Nothing but the lines from the first line of the material below through the line that holds "287 ≈ 76%,这个高速表现我觉得完全在接受范围内。" should be set down, exactly and with pictures left out.
[SOURCE MATERIAL Boundary: Start]
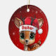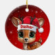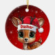 Dasher! Celebrate the holiday season with this festive round ceramic red ornament featuring an endearing woodland forest animal cartoon graphic of a cute baby reindeer wearing a Santa hat. Perfect deer with antlers for decorating your tree or as a thoughtful gift, this whimsical doe decor makes a cherished keepsake for years to come. Customize by changing the text, the font, the font color, or remove the text. You can even transfer this design onto other products. Enjoy this design your way! Check out ForestBabies Xmas Deer Collection for matching decorations. 🎄🦌
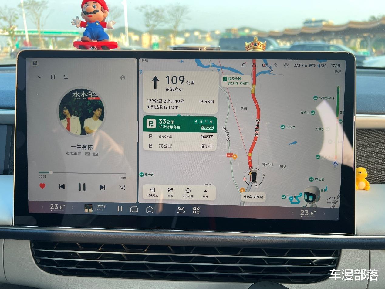 趁堵车,拐进了服务区,此时表显续航还剩273公里,而车辆总里程已经来到了99672km。简单算一下,这一段实际跑了99672 - 99454 = 218公里,而表显续航掉了560 - 273 = 287公里。这一段高速为主的续航达成率大概是218 ÷ 287 ≈ 76%,这个高速表现我觉得完全在接受范围内。
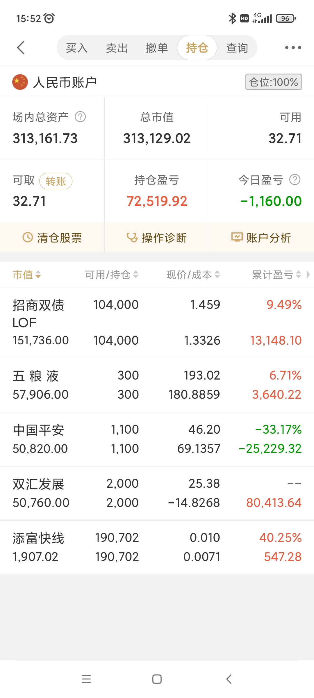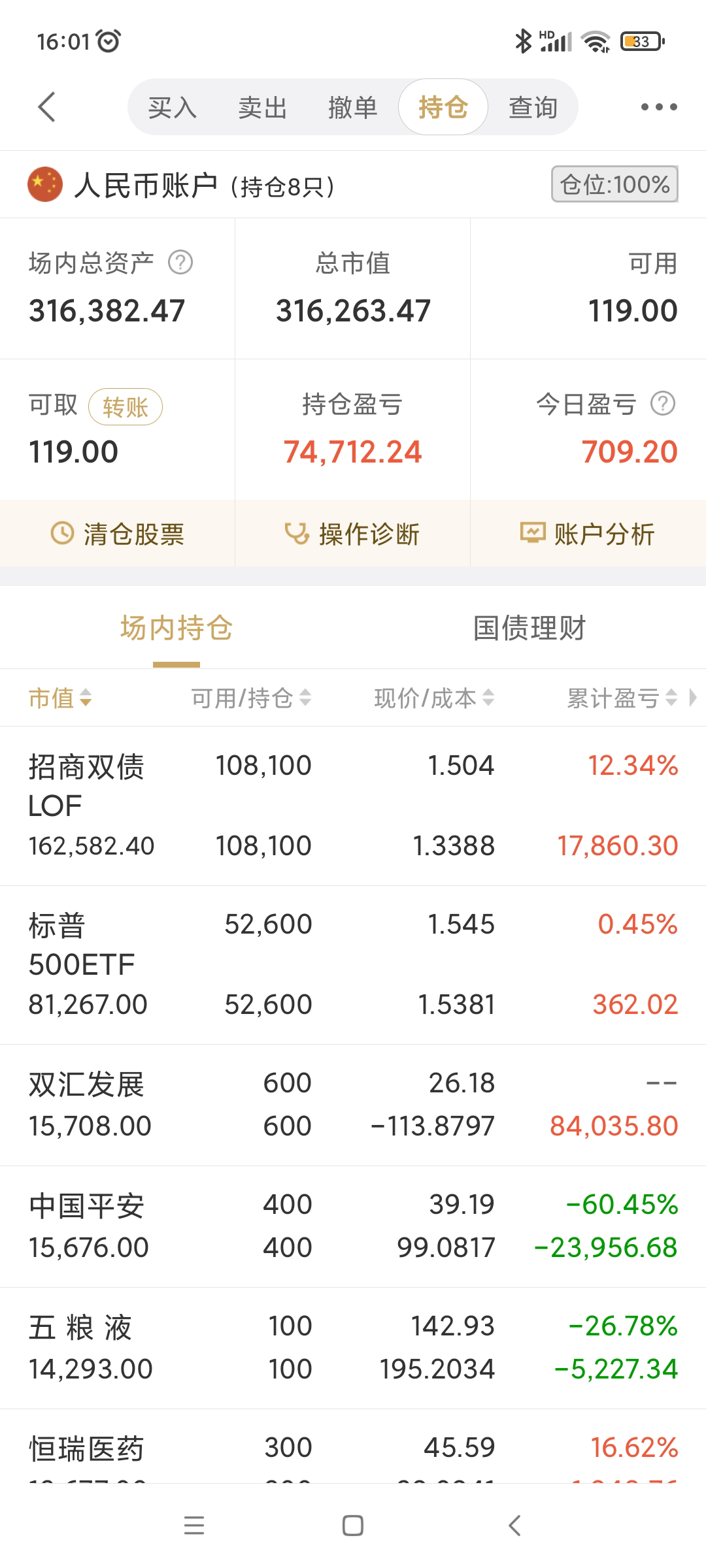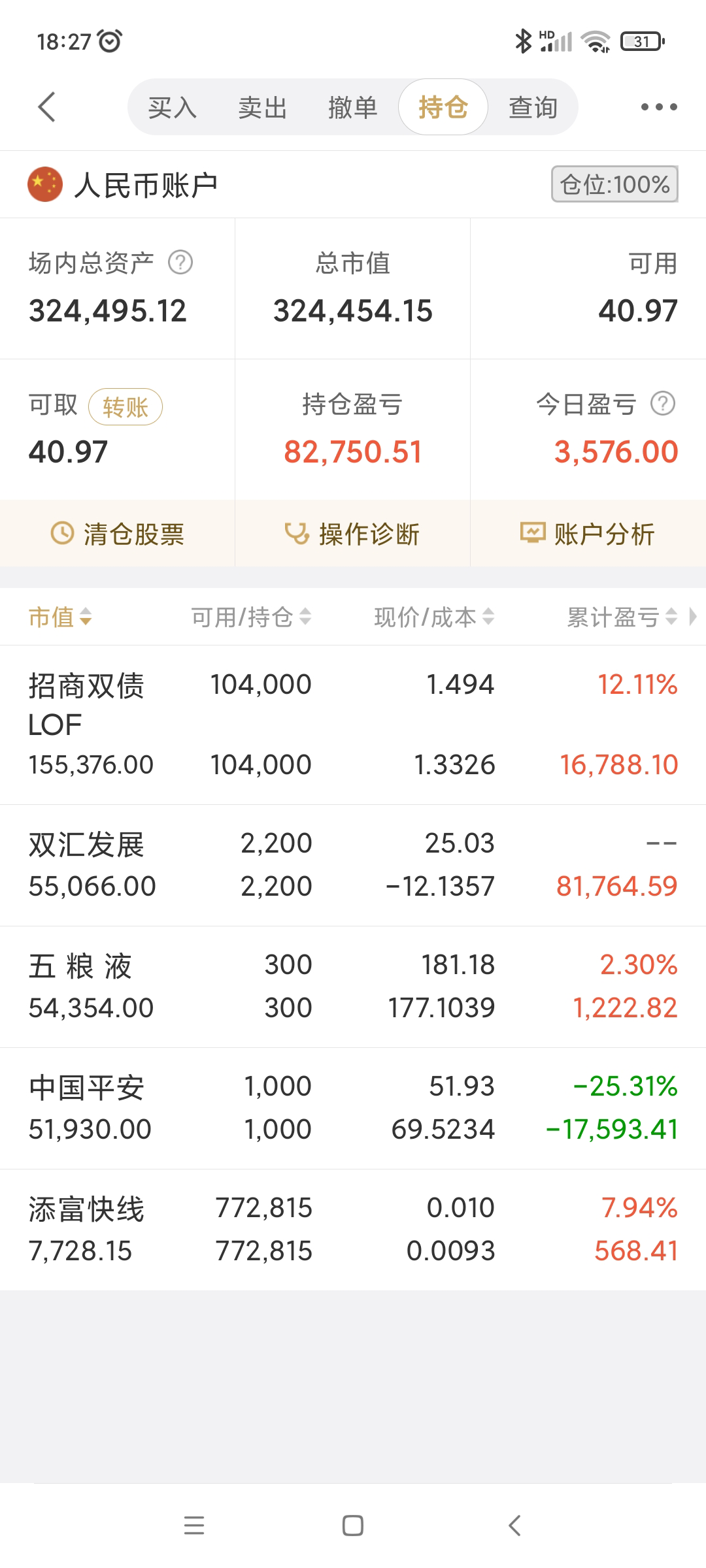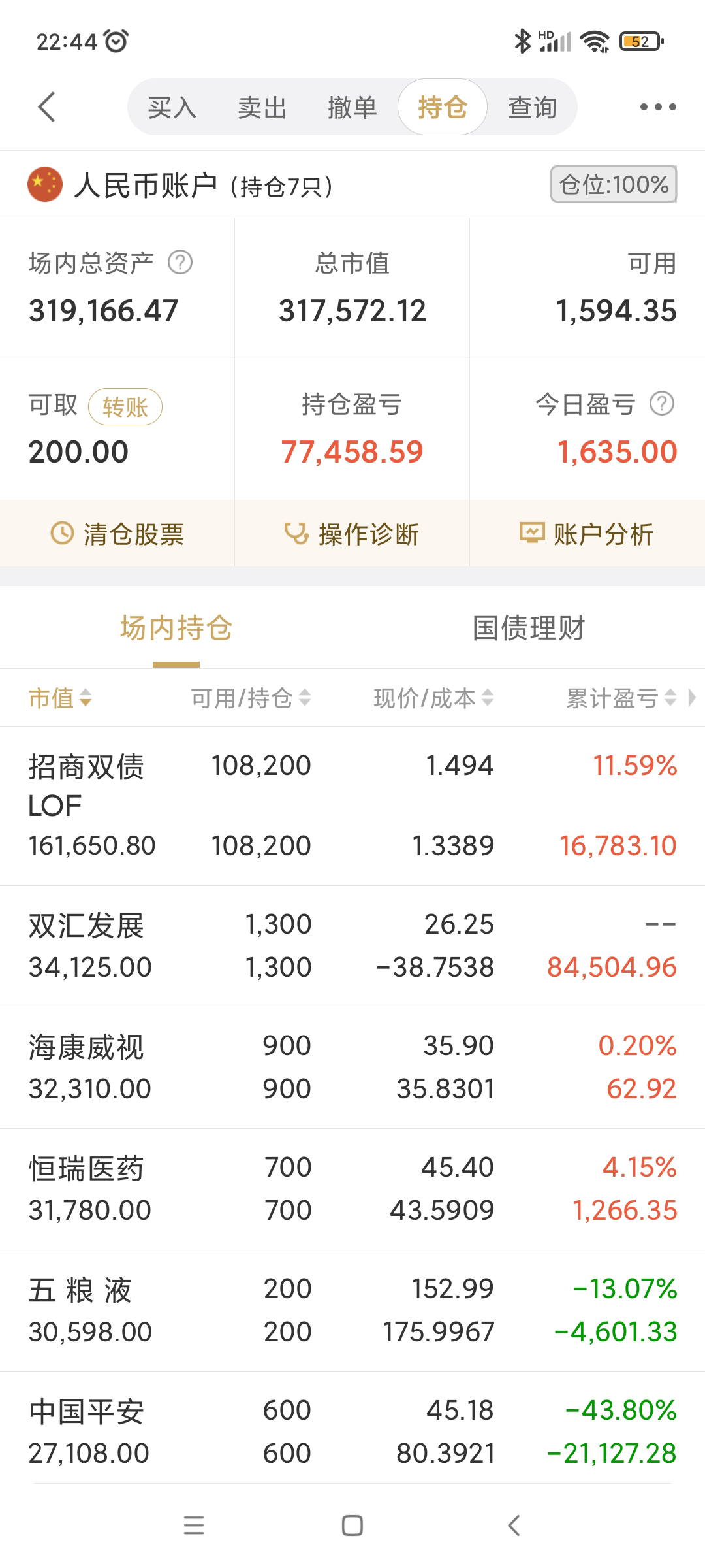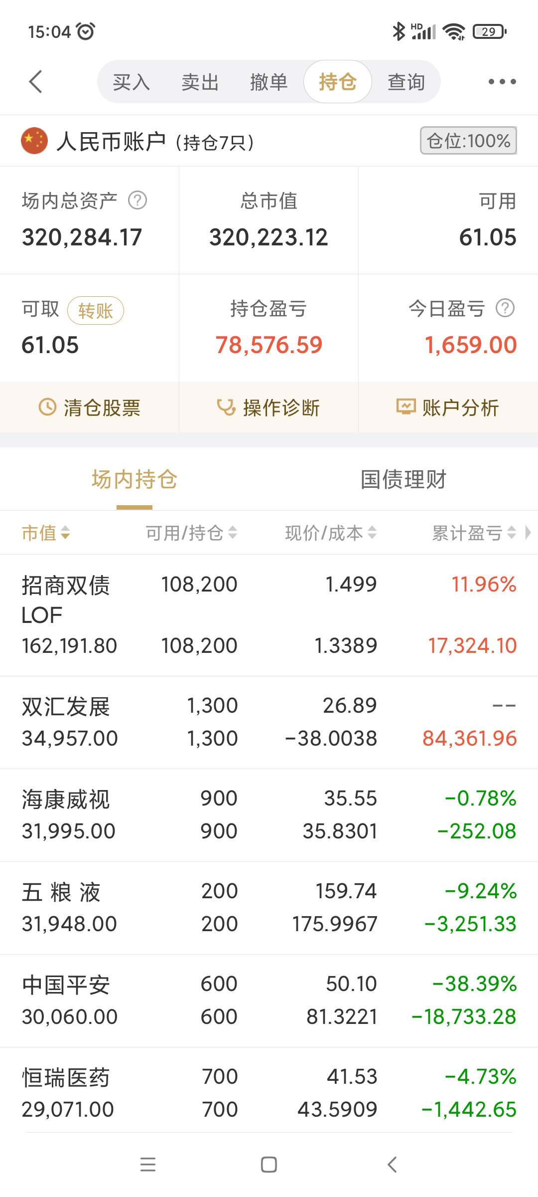 选股原因:选择中国平安是因为公司好,属于行业龙头,业绩长期向上,基本面无需置疑,被黑天鹅退市几率极小,股价具备长期向上趋势的确定性较强;选择双汇发展的原因与中国平安类似,不同之处是属于笔者的心水股,长期跟踪持有已经很多年,有感情舍不得换股。两只股票隶属上海交易所和深圳交易所各一只,配置后可以作为打新底仓。招商双债在同类基金里面属于排名前10,选它最重要的因素是场内交易量较大,流动性不存在问题;
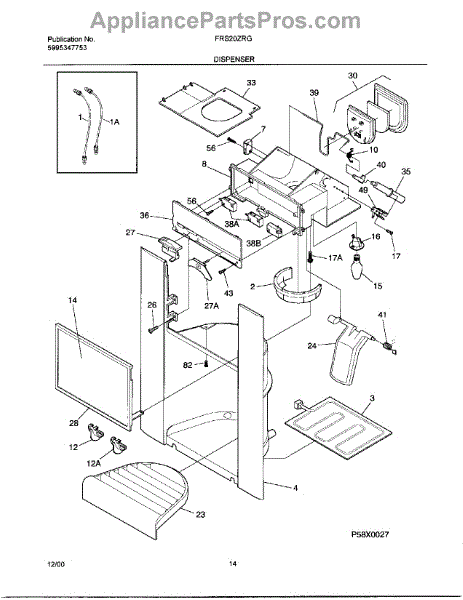 Fixes ice buildup around water dispenser spout. This throat heater prevents freezing in the dispenser area. Moderate DIY repair, 30-45 minutes.
[SOURCE MATERIAL Boundary: End]
**ANSWER TO THIS EXERCISE:**
 Dasher! Celebrate the holiday season with this festive round ceramic red ornament featuring an endearing woodland forest animal cartoon graphic of a cute baby reindeer wearing a Santa hat. Perfect deer with antlers for decorating your tree or as a thoughtful gift, this whimsical doe decor makes a cherished keepsake for years to come. Customize by changing the text, the font, the font color, or remove the text. You can even transfer this design onto other products. Enjoy this design your way! Check out ForestBabies Xmas Deer Collection for matching decorations. 🎄🦌
 趁堵车,拐进了服务区,此时表显续航还剩273公里,而车辆总里程已经来到了99672km。简单算一下,这一段实际跑了99672 - 99454 = 218公里,而表显续航掉了560 - 273 = 287公里。这一段高速为主的续航达成率大概是218 ÷ 287 ≈ 76%,这个高速表现我觉得完全在接受范围内。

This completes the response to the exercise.